BEGIN Data provided

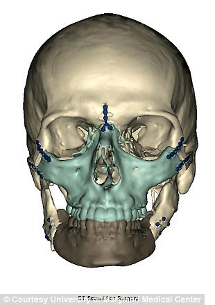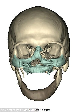 Barbatul a fost fotografiat la 7 luni dupa ce medicii i-au implantat dinti si maxilar, i-au reconstruit fata si limba.
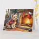 Cartão Cairn Terrier Sitting Fireplace Christmas Lights
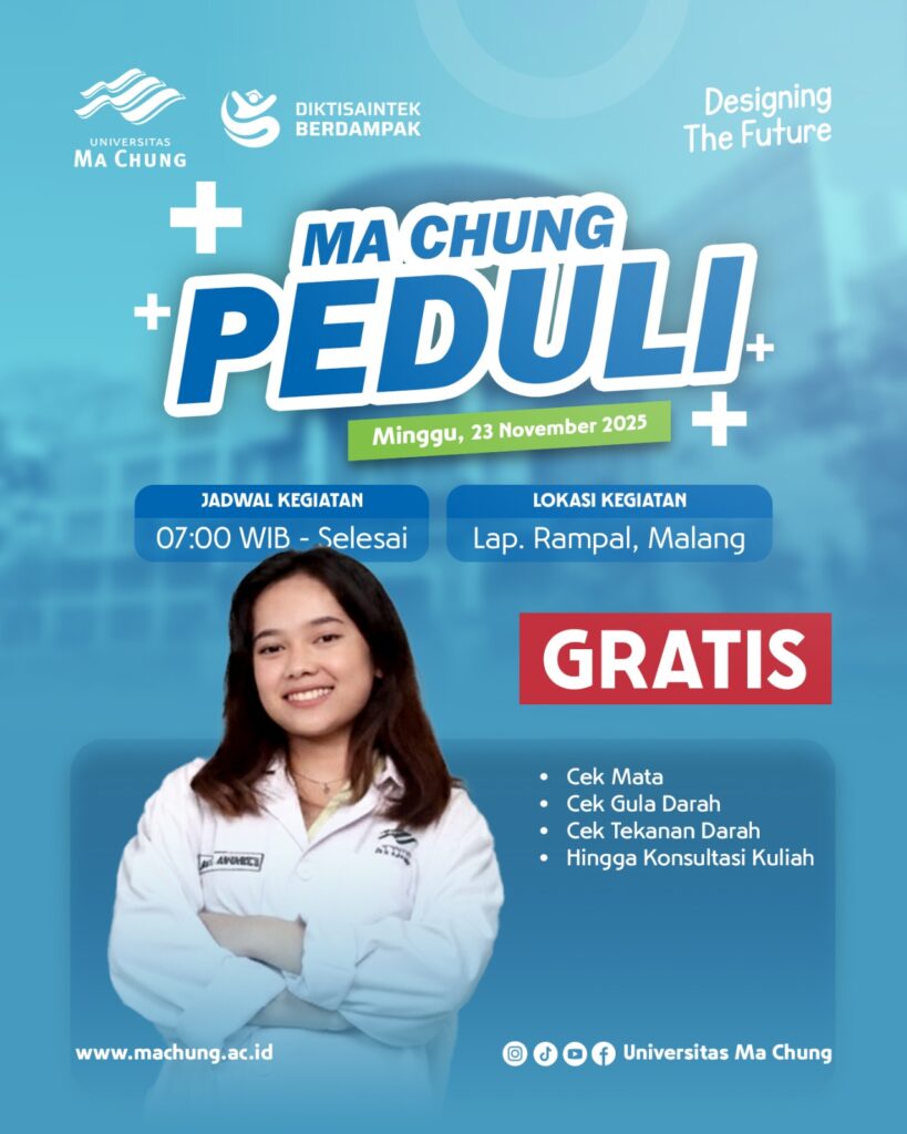 Universitas Ma Chung melalui program Ma Chung Peduli tetap berkomitmen dalam mendukung kesehatan masyarakat. Warga Malang dapat menikmati layanan cek mata, cek gula darah, tekanan darah, kolesterol, hingga konsultasi kuliah secara gratis, terbuka untuk semua. Catat tempat dan waktunya ya!
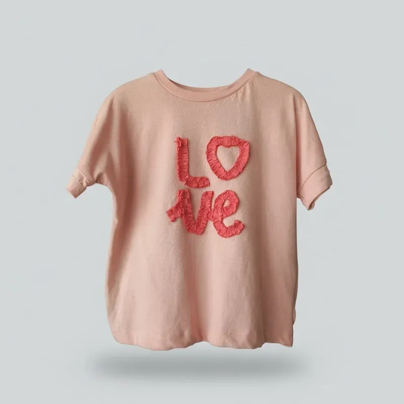 This adorable Girls' LOVE T-Shirt is designed for ultimate comfort and playful style. Crafted from soft, breathable 100% cotton jersey fabric, this tee promises hours of cosiness. The shirt features a classic Crew Neck and Short Sleeves, making it ideal for casual use and warm weather.
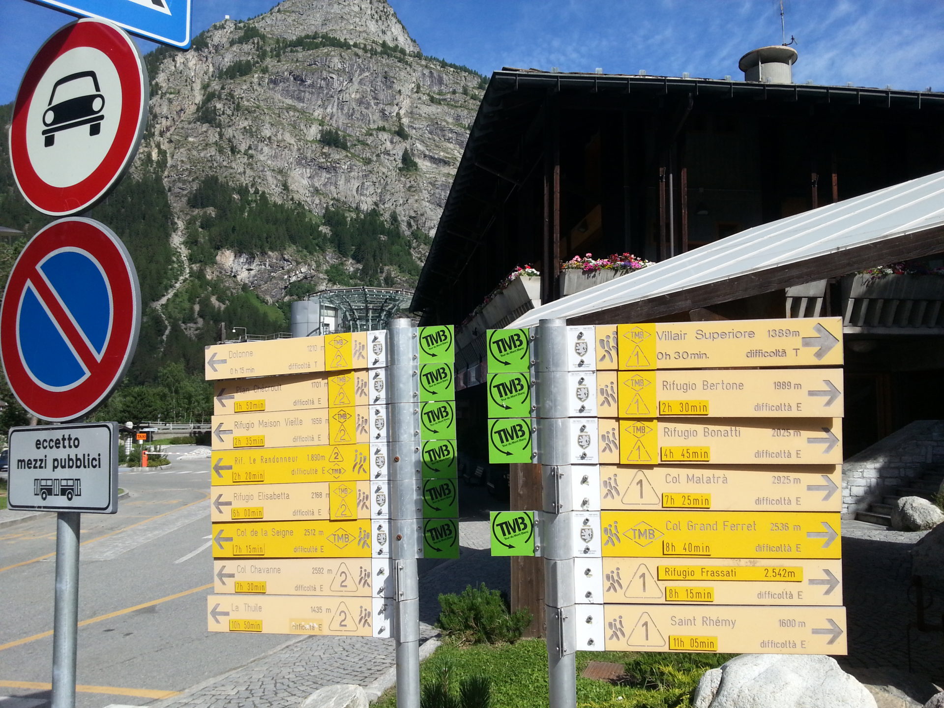 The small road meandered through old sections of Courmayeur for 30-40 minutes before we actually reached the main street. We eventually reached a large roundabout in the middle of the town and were greeted with a massive amount of TMB signs, at least we knew what was ahead of us.
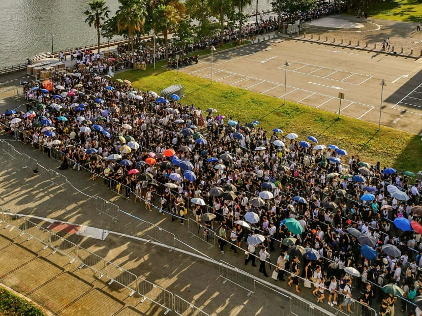 8.20am: The priority queue starts from the Padang, opposite St Andrew's Cathedral. Estimated waiting time is 7 hours.
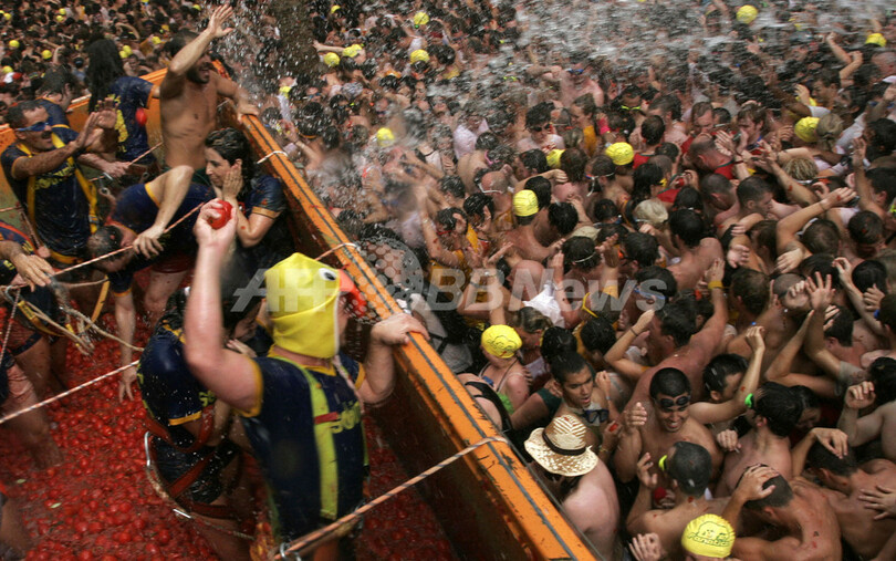 ニュース ライフ こぼれ話 スペインの街、恒例のトマト祭りで真っ赤に染まる 2009年8月27日 8:31 発信地:ブニョール/スペイン [ ヨーロッパ スペイン ] このニュースをシェア ‹ › ❮ 3/9 ❯ スペイン・バレンシア地方のブニョール(Bunol)で26日、熟れたトマトを投げ合う毎年恒例の祭り「トマティーナ(Tomatina)」が開催された。今年で64回目になるこの祭りにはオーストラリア、英国、米国など世界各地から4万人以上が参加。市が提供した100トン以上のトマトを約1時間にわたって投げ合い、参加者は全身真っ赤に染まり、足首までつぶれたトマトに漬かった。写真は、トマトを投げ合う参加者たち(2009年8月26日撮影)。(c)AFP/PABLO ARGENTE 画像作成中 ! 【8月27日 AFP】スペイン・バレンシア地方のブニョール(Bunol)で26日、熟れたトマトを投げ合う毎年恒例の祭り「トマティーナ(Tomatina)」が開催された。 今年で64回目になるこの祭りにはオーストラリア、英国、米国など世界各地から4万人以上が参加。市が提供した100トン以上のトマトを約1時間にわたって投げ合い、参加者は全身真っ赤に染まり、足首までつぶれたトマトに漬かった。(c)AFP ライフ 一覧へ> メディア・報道関係・法人の方向け 写真・動画 購入のお問合せ>

END Data provided

• What you will do: Omit the pictures; print the records above exactly.

• Final answer:
 Barbatul a fost fotografiat la 7 luni dupa ce medicii i-au implantat dinti si maxilar, i-au reconstruit fata si limba.
 Cartão Cairn Terrier Sitting Fireplace Christmas Lights
 Universitas Ma Chung melalui program Ma Chung Peduli tetap berkomitmen dalam mendukung kesehatan masyarakat. Warga Malang dapat menikmati layanan cek mata, cek gula darah, tekanan darah, kolesterol, hingga konsultasi kuliah secara gratis, terbuka untuk semua. Catat tempat dan waktunya ya!
 This adorable Girls' LOVE T-Shirt is designed for ultimate comfort and playful style. Crafted from soft, breathable 100% cotton jersey fabric, this tee promises hours of cosiness. The shirt features a classic Crew Neck and Short Sleeves, making it ideal for casual use and warm weather.
 The small road meandered through old sections of Courmayeur for 30-40 minutes before we actually reached the main street. We eventually reached a large roundabout in the middle of the town and were greeted with a massive amount of TMB signs, at least we knew what was ahead of us.
 8.20am: The priority queue starts from the Padang, opposite St Andrew's Cathedral. Estimated waiting time is 7 hours.
 ニュース ライフ こぼれ話 スペインの街、恒例のトマト祭りで真っ赤に染まる 2009年8月27日 8:31 発信地:ブニョール/スペイン [ ヨーロッパ スペイン ] このニュースをシェア ‹ › ❮ 3/9 ❯ スペイン・バレンシア地方のブニョール(Bunol)で26日、熟れたトマトを投げ合う毎年恒例の祭り「トマティーナ(Tomatina)」が開催された。今年で64回目になるこの祭りにはオーストラリア、英国、米国など世界各地から4万人以上が参加。市が提供した100トン以上のトマトを約1時間にわたって投げ合い、参加者は全身真っ赤に染まり、足首までつぶれたトマトに漬かった。写真は、トマトを投げ合う参加者たち(2009年8月26日撮影)。(c)AFP/PABLO ARGENTE 画像作成中 ! 【8月27日 AFP】スペイン・バレンシア地方のブニョール(Bunol)で26日、熟れたトマトを投げ合う毎年恒例の祭り「トマティーナ(Tomatina)」が開催された。 今年で64回目になるこの祭りにはオーストラリア、英国、米国など世界各地から4万人以上が参加。市が提供した100トン以上のトマトを約1時間にわたって投げ合い、参加者は全身真っ赤に染まり、足首までつぶれたトマトに漬かった。(c)AFP ライフ 一覧へ> メディア・報道関係・法人の方向け 写真・動画 購入のお問合せ>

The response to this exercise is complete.